Task details. Write out, please, each line from the one containing "Heather field, spring" to the final line of the data, both included, exactly and without pictures.

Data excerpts
Start of Block

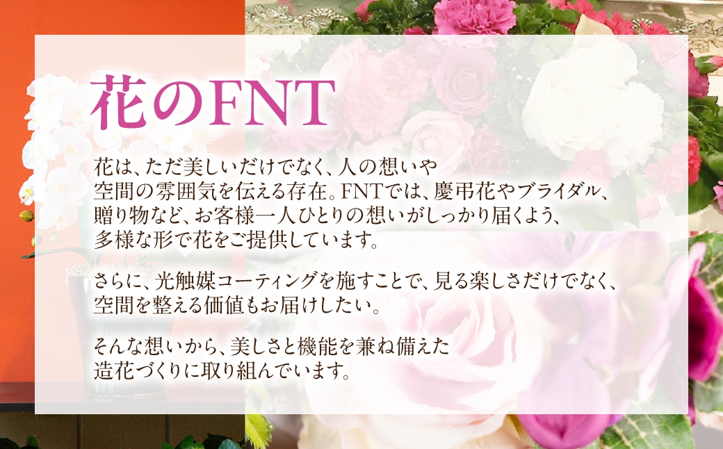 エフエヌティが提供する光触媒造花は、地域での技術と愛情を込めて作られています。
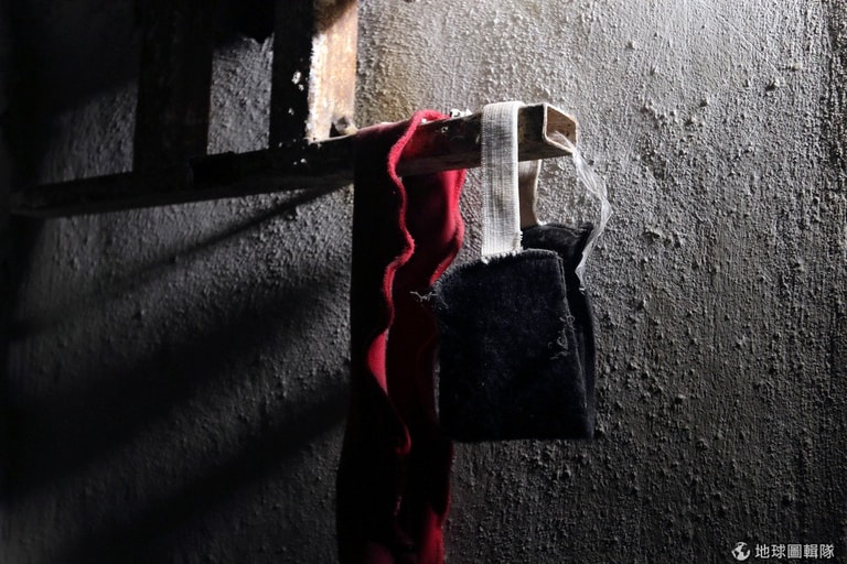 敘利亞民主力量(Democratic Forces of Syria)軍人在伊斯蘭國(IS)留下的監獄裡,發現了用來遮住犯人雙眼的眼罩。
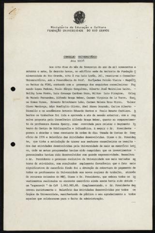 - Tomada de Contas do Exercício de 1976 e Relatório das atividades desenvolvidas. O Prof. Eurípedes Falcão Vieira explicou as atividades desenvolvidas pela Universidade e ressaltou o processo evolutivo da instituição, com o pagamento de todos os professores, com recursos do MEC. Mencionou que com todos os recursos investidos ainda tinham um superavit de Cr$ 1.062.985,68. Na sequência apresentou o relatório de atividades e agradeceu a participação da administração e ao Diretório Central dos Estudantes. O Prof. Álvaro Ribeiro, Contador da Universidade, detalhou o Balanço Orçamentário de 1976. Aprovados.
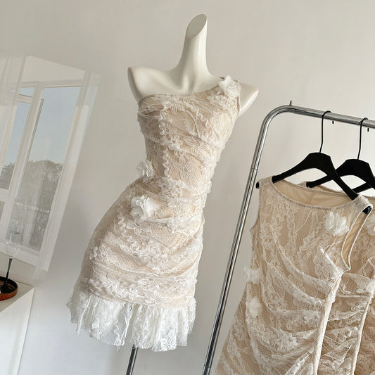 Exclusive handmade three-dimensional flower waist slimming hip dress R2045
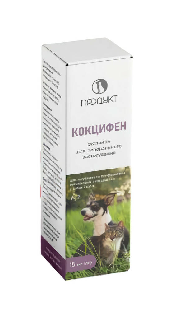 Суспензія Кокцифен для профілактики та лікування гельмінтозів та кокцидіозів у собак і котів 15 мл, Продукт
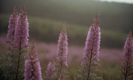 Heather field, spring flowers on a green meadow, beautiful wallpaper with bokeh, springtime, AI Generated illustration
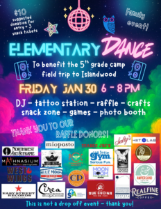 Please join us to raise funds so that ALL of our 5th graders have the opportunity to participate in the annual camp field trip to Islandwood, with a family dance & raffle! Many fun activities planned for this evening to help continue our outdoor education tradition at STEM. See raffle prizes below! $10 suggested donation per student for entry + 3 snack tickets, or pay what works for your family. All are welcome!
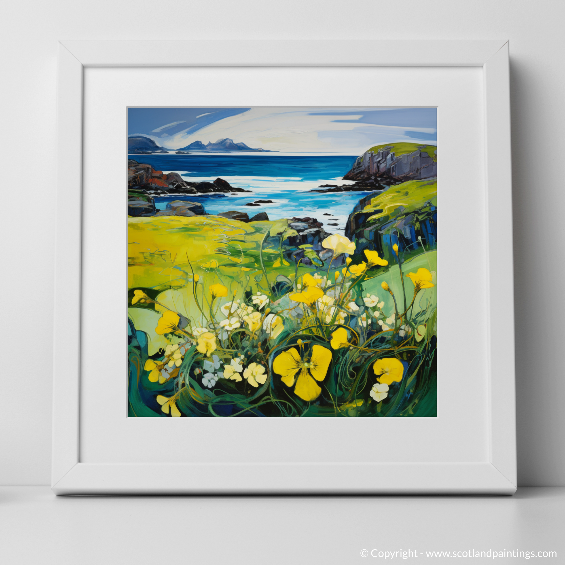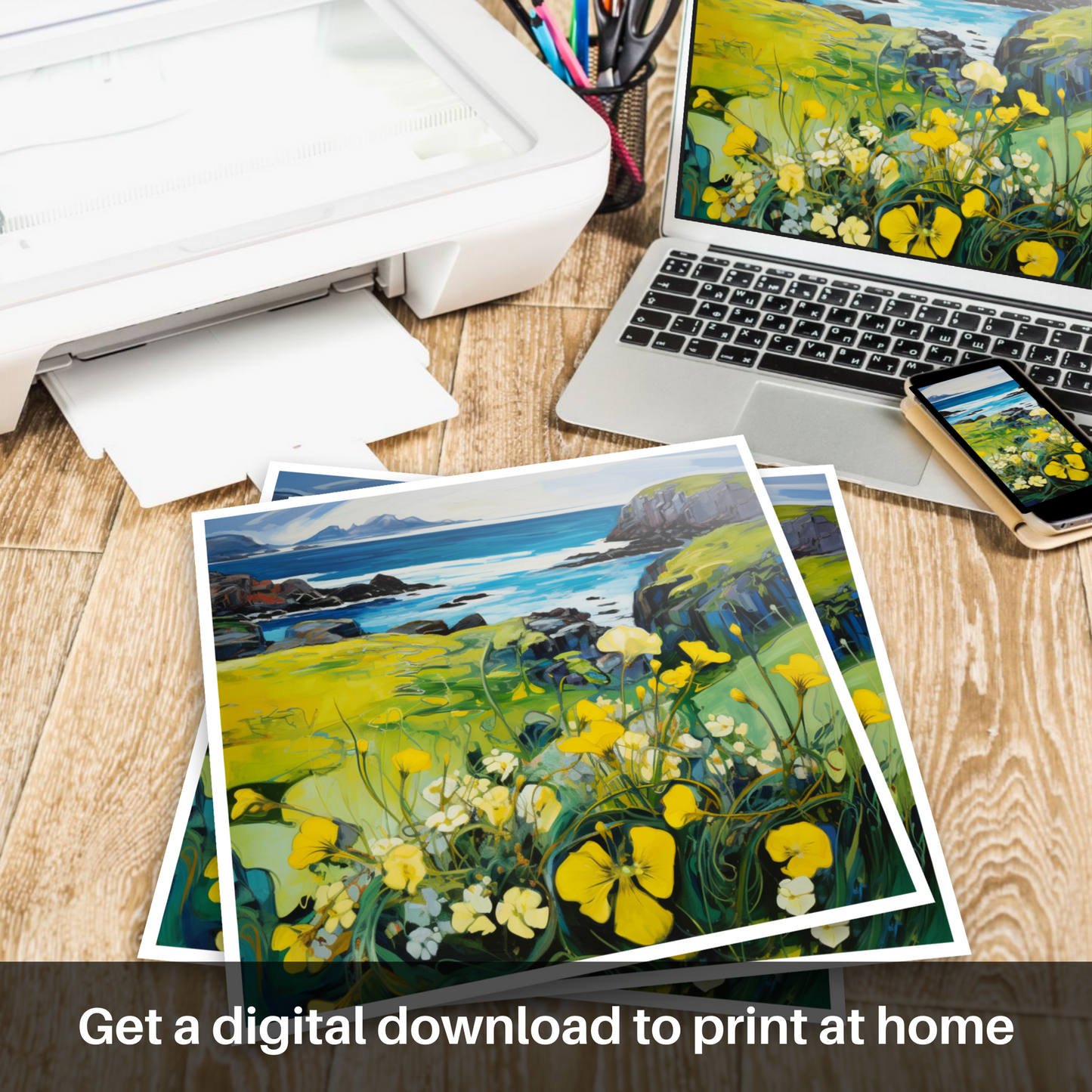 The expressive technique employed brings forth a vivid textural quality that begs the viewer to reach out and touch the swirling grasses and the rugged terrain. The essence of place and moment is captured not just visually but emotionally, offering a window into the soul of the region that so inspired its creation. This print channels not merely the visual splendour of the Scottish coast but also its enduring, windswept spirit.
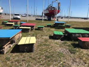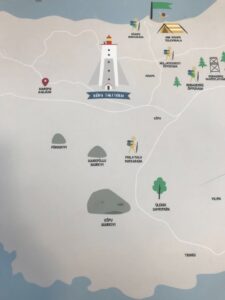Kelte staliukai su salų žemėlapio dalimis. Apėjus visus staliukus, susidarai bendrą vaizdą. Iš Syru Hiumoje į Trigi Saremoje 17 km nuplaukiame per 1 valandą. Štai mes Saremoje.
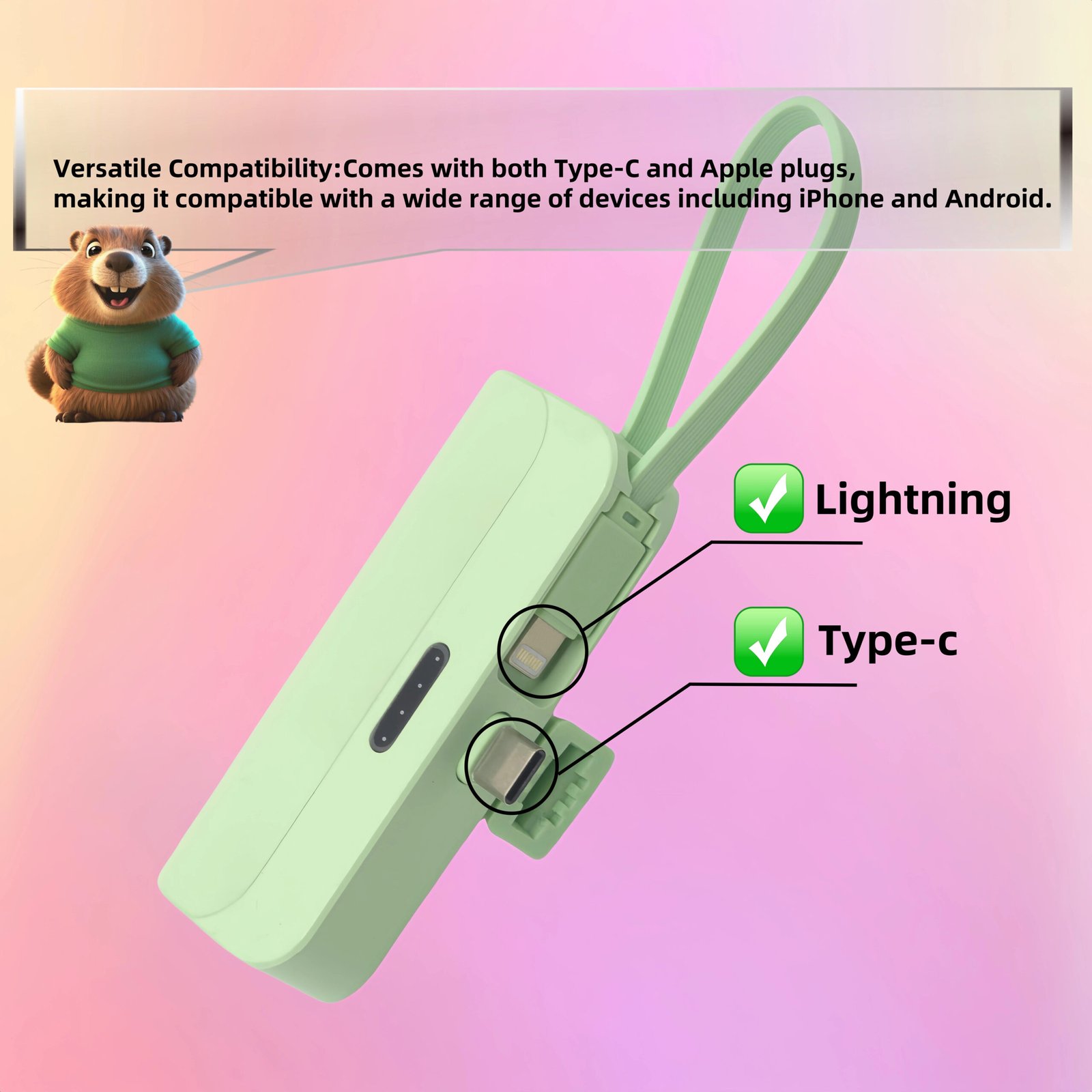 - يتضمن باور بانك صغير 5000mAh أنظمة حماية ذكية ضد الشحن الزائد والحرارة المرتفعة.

End of Block

Response to this task.
 Heather field, spring flowers on a green meadow, beautiful wallpaper with bokeh, springtime, AI Generated illustration
 Please join us to raise funds so that ALL of our 5th graders have the opportunity to participate in the annual camp field trip to Islandwood, with a family dance & raffle! Many fun activities planned for this evening to help continue our outdoor education tradition at STEM. See raffle prizes below! $10 suggested donation per student for entry + 3 snack tickets, or pay what works for your family. All are welcome!
 The expressive technique employed brings forth a vivid textural quality that begs the viewer to reach out and touch the swirling grasses and the rugged terrain. The essence of place and moment is captured not just visually but emotionally, offering a window into the soul of the region that so inspired its creation. This print channels not merely the visual splendour of the Scottish coast but also its enduring, windswept spirit.
Kelte staliukai su salų žemėlapio dalimis. Apėjus visus staliukus, susidarai bendrą vaizdą. Iš Syru Hiumoje į Trigi Saremoje 17 km nuplaukiame per 1 valandą. Štai mes Saremoje.
 - يتضمن باور بانك صغير 5000mAh أنظمة حماية ذكية ضد الشحن الزائد والحرارة المرتفعة.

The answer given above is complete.